The full keyword registry currently covers 17 languages, including Spanish, Portuguese, Chinese, Italian, Dutch, Polish, Swedish, Danish, Finnish, Hindi, Bengali, and Tamil.

Keywords can be mixed freely in the same program. The language is indentation-sensitive and broadly Python-like in structure.

What This Repository Produces

This repo is useful when you want to:

  • Parse Multilingual source code into syntax trees
  • Add syntax highlighting to an editor or viewer
  • Support indentation and folding in Tree-sitter-aware editors
  • Generate editor grammar artifacts from a single keyword registry

After building, the main outputs are:

  • src/parser.c and src/scanner.c for the Tree-sitter parser
  • bindings/node/ for Node.js consumers
  • bindings/rust/ for Rust consumers
  • queries/highlights.scm, queries/indents.scm, queries/folds.scm
  • generated/multilingual.tmLanguage.json for TextMate-compatible editors
  • generated/monarch.json for Monaco-based editors

GitHub Linguist Positioning

This repository is a good upstream grammar source for future github-linguist support, but it is not the github-linguist integration itself.

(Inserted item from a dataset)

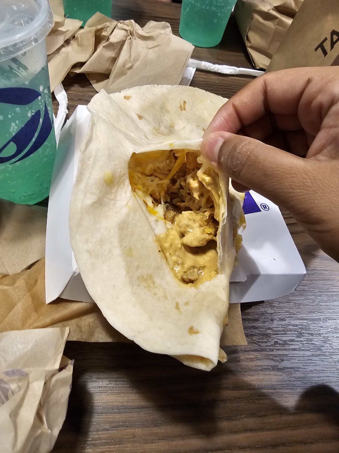 IF my wife was posting this she would have five stars and wonderful things to say because I swear she can eat Taco Bell for breakfast lunch and dinner every day for the rest of her life and be quite content. I also am a fan of Taco Bell I even used to manage one or actually several some years ago but it's to me all the same stuff put in different forms so generally you're going to get pretty much the same flavors and textures just in different shapes. I mean that's okay and all but I'm just calling it what it is...an American version of Mexican food setup to be fast and cost effective. Since I was a manager for the newer "bold choice" designed Taco bells for a few years let me express some insider thoughts... During some are GM conference seminars they were comparing Taco Bell's drive-through speeds to that of McDonald's and wanted to achieve the same or better speeds but they gave you nearly a third of the people to do it with also they set their productivity rate for the employees when you're writing a schedule to 105% or at least back several years ago, which meant thateach employee was to be doing 100% of their position while on the clock and 5% of a different position which equals insanity. That's why for the most part I haven't worked there since because that's crazy! If you got 80- 85% out of an employee you have a a+ star employee. Just food for thought so next time you go into one and you want to criticize just remember in some cases it's not necessarily their fault but more of the expectations that are...

For language detection and syntax-highlighting discussions, this repository treats:

  • .multi as the canonical file extension
  • source.multi as the TextMate scope

The repository no longer advertises .ml, because that extension is already heavily associated with other languages and would create avoidable detection conflicts.

Quick Start

Prerequisites

  • Node.js 14+ for the Tree-sitter CLI and Node binding build
  • Python 3.10+ for the generator scripts
  • PyYAML for the build scripts: pip install pyyaml
  • A C compiler such as GCC, Clang, or MSVC

Build Everything

git clone https://github.com/multilingualprogramming/tree-sitter-multilingual.git
cd tree-sitter-multilingual
npm install
make all

If you only want the parser and tests:

npm install
make build
make test

Build Targets

make inject     # Expand multilingual keyword aliases into grammar.js
make generate   # Run tree-sitter generate
make build      # Build the native Node binding
make test       # Run Tree-sitter corpus tests
make tmgrammar  # Generate TextMate grammar JSON
make monarch    # Generate Monaco tokenizer JSON
make validate   # Validate keyword coverage
make all        # Run the full pipeline

Repository Layout

  • data/keywords.yaml: Canonical keyword registry across all supported languages
  • grammar.js: Tree-sitter grammar source
  • src/scanner.c: External scanner for indentation handling
  • queries/: Highlight, indentation, and folding queries
  • scripts/: Build and generation scripts
  • test/corpus/: Grammar test corpus
  • examples/: Sample .multi programs
  • bindings/node/: Node.js binding entrypoint
  • bindings/rust/: Rust crate wrapper

How the Build Works

The build is driven from data/keywords.yaml.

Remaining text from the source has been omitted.